# Ski Boot Backpack



## Greg (Dec 7, 2006)

I keep saying I need to get something like this each season. I really want to find a decent sized ski boot backpack that can easily hold my boots, helmet, ski pants, parka and all accessories (gloves, googles, etc...). Any suggestions?


----------



## JimG. (Dec 7, 2006)

I just invested in a new boot backpack last week...my old one was shot.

I bought a Transpack...holds my boots in individual outside pockets and it leaves a large central space for the other items you mention.

Check out their website:

www.transpack.net

I bought the XT1.


----------



## Rushski (Dec 7, 2006)

I'm curious JimG, is the transpack big enough to hold pants, parka, helmet, etc... like Greg asked?  I have been looking at the Transpack and was wondering how much that middle compartment holds.


----------



## JimG. (Dec 7, 2006)

Rushski said:


> I'm curious JimG, is the transpack big enough to hold pants, parka, helmet, etc... like Greg asked?  I have been looking at the Transpack and was wondering how much that middle compartment holds.



Well, I think I'm going to have to leave the helmet out of the central storage space when I want to stuff pants and parkas in there. I was able to stuff everything in there, but the pack was so tighly packed I worried it might burst.

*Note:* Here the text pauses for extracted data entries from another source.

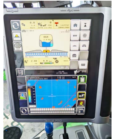
Geteiltes Terminal mit Applikationskarte sowie Tankdarstellung.

stand aus und dringen im Laufe der Zeit bei fehlender Bekämpfung in das Feldinnere vor.
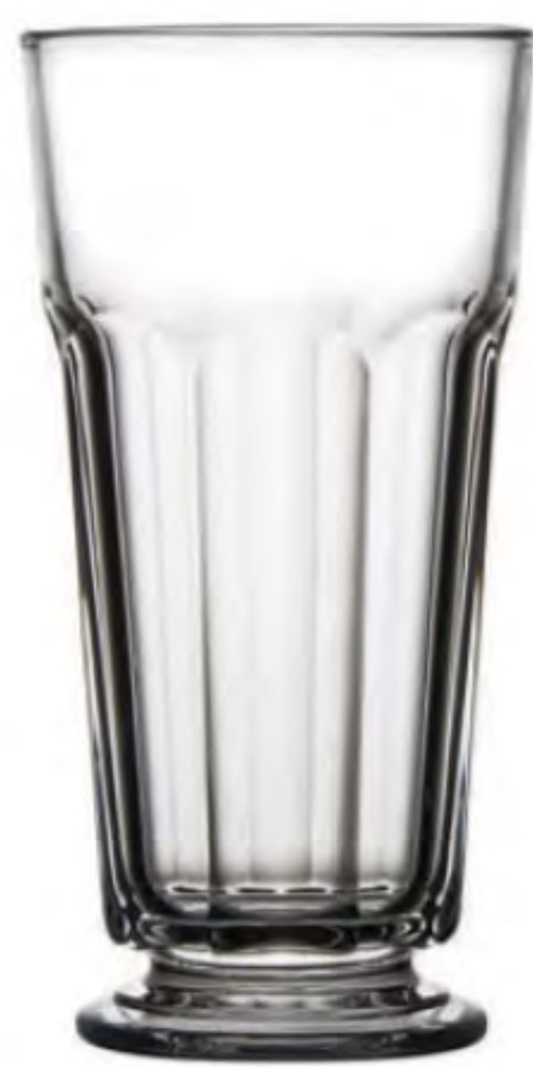
T P-52640 350cc 卡沙巴蘭 卡古典八角杯 H: 160 mm. φ: 80.5 mm
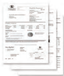
Factures et états
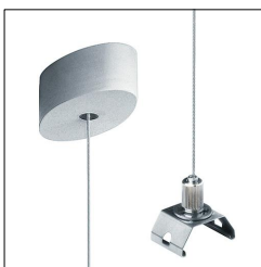
Susp. à câble + cache-piton SLOT2/SLOIN/EQL ASI2 SR E-L 22157369

La présente déclaration de produit environnemental (EPD) est basée selon les normes EN ISO 14025 et EN 15804 et décrit les impacts spécifiques environnementaux du produit mentionné. Cette déclaration fait suite également aux exigences spécifiques et concrètes du programme Institut Bauen und Umwelt e.V. (IBU) selon les règles de calcul des LCA et le contenu de l'EPD (de base) selon les instructions de PCR sous-jacentes (PCR: Règles de catégorie de produit) pour «Luminaires, lampes et composants pour luminaires» (Ref: IBU PCR Teil A et B). Le produit décrit sert d'unité déclarée. La déclaration inclut une description du produit, des informations sur la composition des matériaux, la production, le transport, la phase d'utilisation, l'élimination et le recyclage, ainsi que les résultats de l'évaluation du cycle de vie. Les EPD des produits de construction sont comparables uniquement si les valeurs sont calculées conformément au même PCR et des scénarios d'utilisation appropriés et obligatoires.
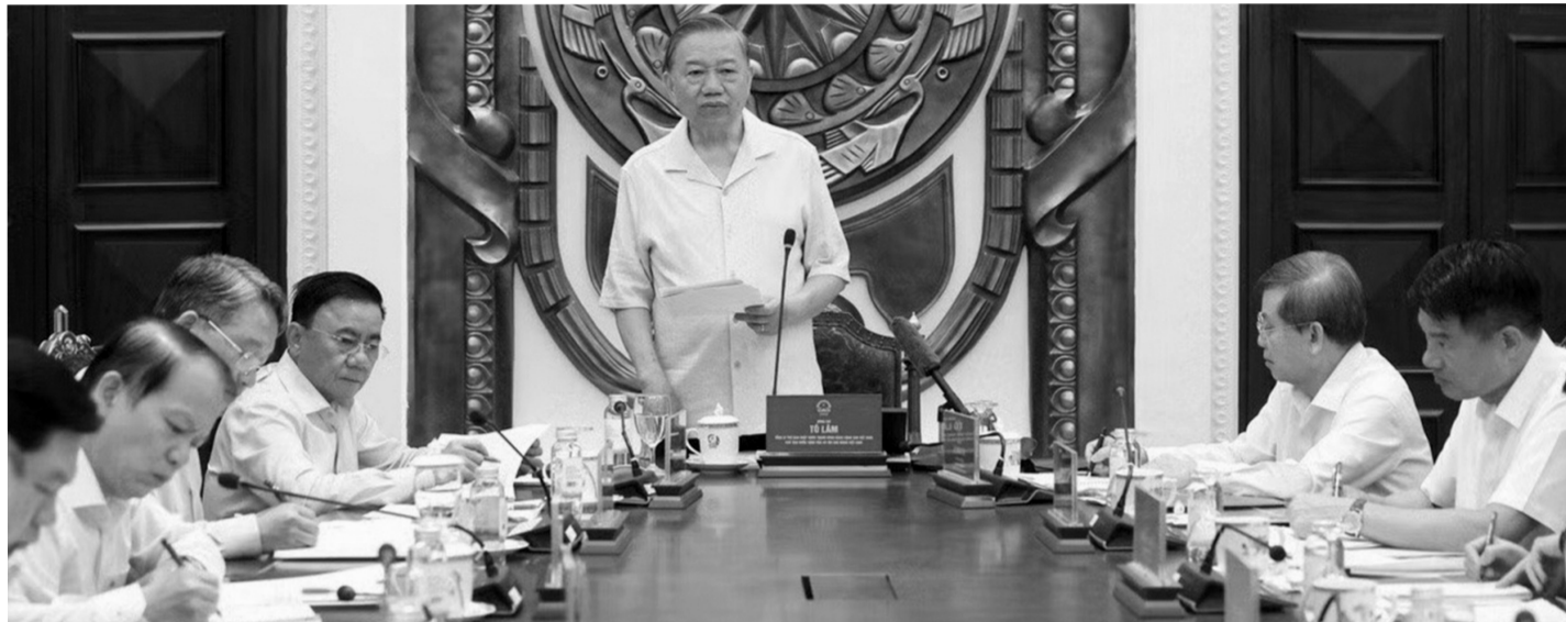
● Tổng Bí thư, Chủ tịch nước Tô Lâm chủ trì buổi làm việc với một số Bộ, ban, ngành, cơ quan về tổ chức, hoạt động của Ban Chỉ đạo Trung ương về hoàn thiện thể chế, pháp luật và Ban Chỉ đạo Cải cách tư pháp Trung ương ngày 13/5/2026.

Thay mặt Bộ Chính trị, Tổng Bí thư, Chủ tịch nước Tô Lâm vừa ký Quy định số 193-QĐ/TW (Quy định 193) về chức năng, nhiệm vụ, quyền hạn, chế độ làm việc, quan hệ công tác của Ban Chỉ đạo Trung ương về hoàn thiện thể chế và thực thi pháp luật.

Not to mention my parka and pants would look like crumpled up pieces of paper.

You might want to look at the specs of the TRV which is a travel pack as in airline travel...I think it has a larger capacity.


----------



## RootDKJ (Dec 7, 2006)

I have the XT1...best purchase I've made in a while.


----------



## Ski Diva (Dec 7, 2006)

I have to add my own thumbs up to the Transpack. One of the best purchases I ever made. It really makes getting to the slopes a LOT easier. I use it for my boots, helmet, and everything I need for the day. I don't put my parka or ski pants in it, though. I wear those over.


----------



## Rushski (Dec 7, 2006)

Definitely like the idea of having the boots in their own compartments seperate from the main compartment.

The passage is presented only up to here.